We will now consider how the promulgators of the new International justify their activity.
“In view [of] the fact that the Congress of the Red Trade Union International, which took place in Moscow, has come to no result,” so runs a resolution adopted in Düsseldorf, “as it has not founded an actual Syndicalist International, this meeting decides to convene an independent International Syndicalist Congress.”
The German Syndicalists had expected to obtain from Moscow what by reason of its very constitution was impossible. We were never of the opinion and certainly not a single delegate, who has taken part in our work, had ever thought for a moment, that the Congress could end with the formation of an International of a specific Revolutionary Syndicalist character. Its purpose was more the unification – upon the ground of mutual concessions of all those Syndicalist organizations accepting the principle of the class war and opposing the compromising tactics and social peace propagated of the yellow Amsterdam International.
If every tendency and shade of opinion wished to form its own international organization, it would end in the formation of a great number of international groups which would fight amongst themselves to the advantage of the capitalist class. “Purity” of principles would be assured, but the interests of the bourgeoisie would not be in the least injured thereby.
We cannot understand the purpose of the German Syndicalists. There would be some sense in it, if these comrades could prove to us that those organizations, adhering to our principles, are strong enough to carry the social revolution to completion throughout the world Revolutionary Syndicalism has its fighting traditions and a firm foundation in the workers’ movements in the Latin countries. In Central Europe and in the scarcely awakened Orient Revolutionary Syndicalism is, however, absolutely unknown, and it would be a mistake to organize the international revolutionary forces without taking into account the fight of the European and American masses as also the trade-union movements in Russia and in the East.
In the period previous to the world war the International in fact united only the proletariat of the European countries. Meanwhile there exist in the East and in the Far East millions of workers, who are exposed to the most terrible exploitation. The daily progressing industrial development has also awakened there the proletarian class. In the process of economical development and violent struggles, their organizations are becoming stronger and in the face of extraordinary difficulties they are fearlessly standing up against bourgeois exploitation.
In the period previous to the world war the International in fact united only the proletariat of the European countries. Meanwhile there exist in the East and in the Far East millions of workers, who are exposed to the most terrible exploitation. The daily progressing industrial development has there also awakened the proletarian class. In the process of economical development and violent struggles, their organizations are becoming stronger and in the face of extraordinary difficulties they are fearless standing up against bourgeois exploitation.

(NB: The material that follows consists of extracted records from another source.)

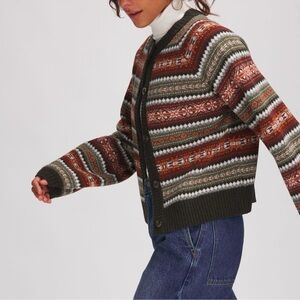 Basin + Range Fair Isle Stripe Wool Blend Crewneck Cardigan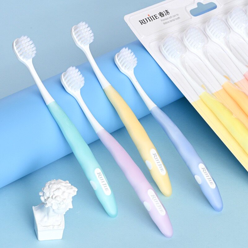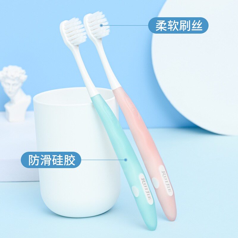 睿洁软毛小头高档牙刷圆孔细丝软胶刷柄防滑马卡龙可拆卸1版6支装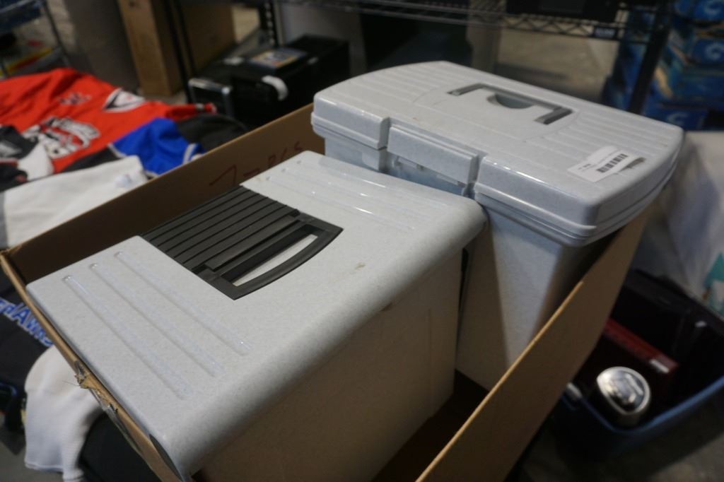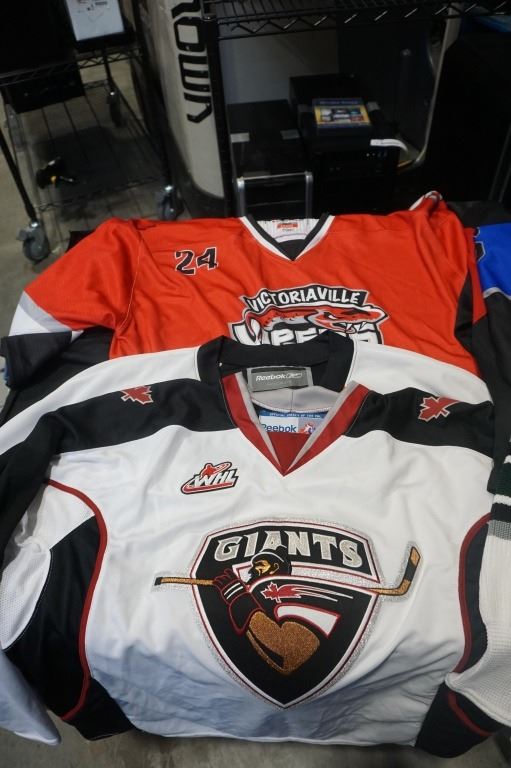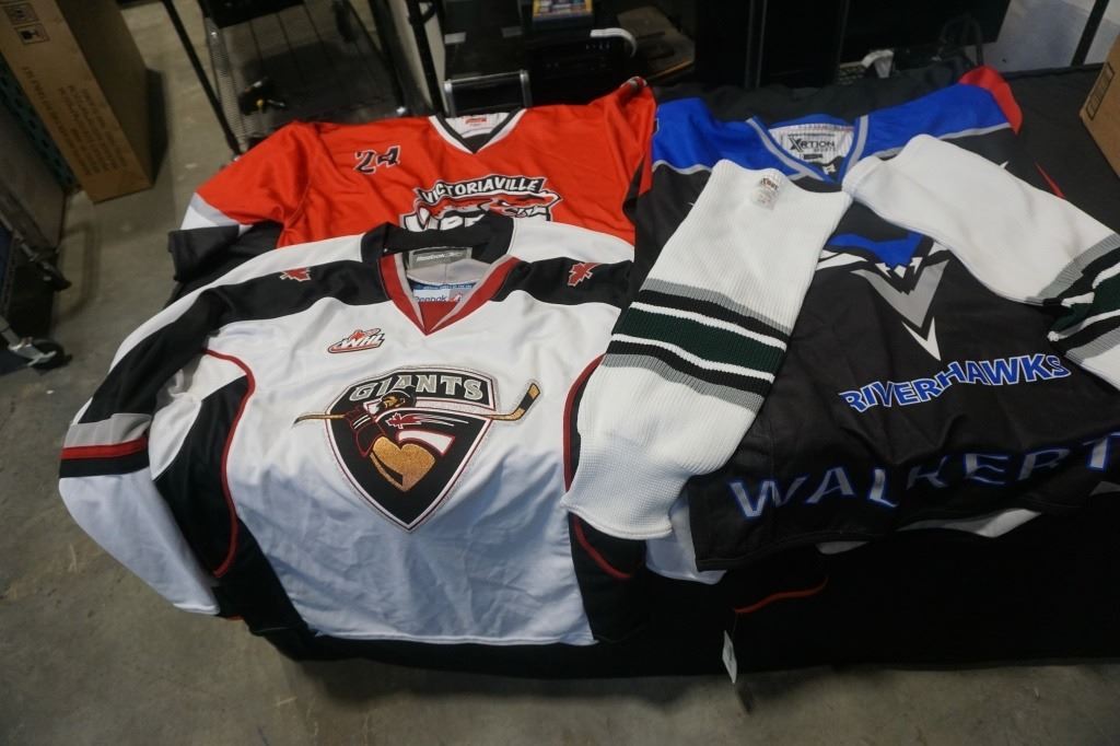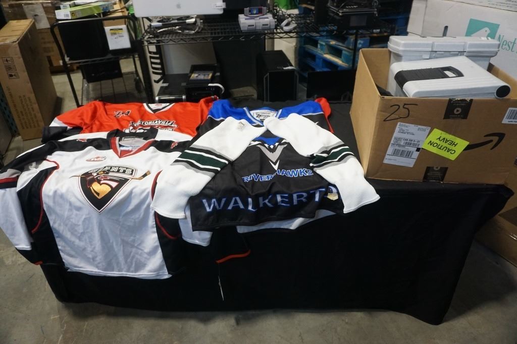 LOT OF HOCKEY JERSEYS, NEW H2X DRY SPORT SHIRTS AND 2 RUBBERMAID STORAGE BINS

Over this gigantic area our Revolutionary Syndicalists have not the least influence, and we greatly doubt whether German Syndicalists will obtain it, even if they for this purpose use a new International, which they propose to create.
Only the international mass organization which has the unshakable will to carry through the revolution can gather about it the revolutionary workers of all countries. No other organization outside the Red Trade Union International gives us as many guarantees in this respect. To sever from it means to leave the revolutionary circle and to promote the efforts to split the forces fighting against the bourgeois rule, and this at the moment when the capitalist class is concentrating and mobilizing all its strength. Therefore it is today more necessary than ever to safeguard the unity of all elements fighting for the social revolution.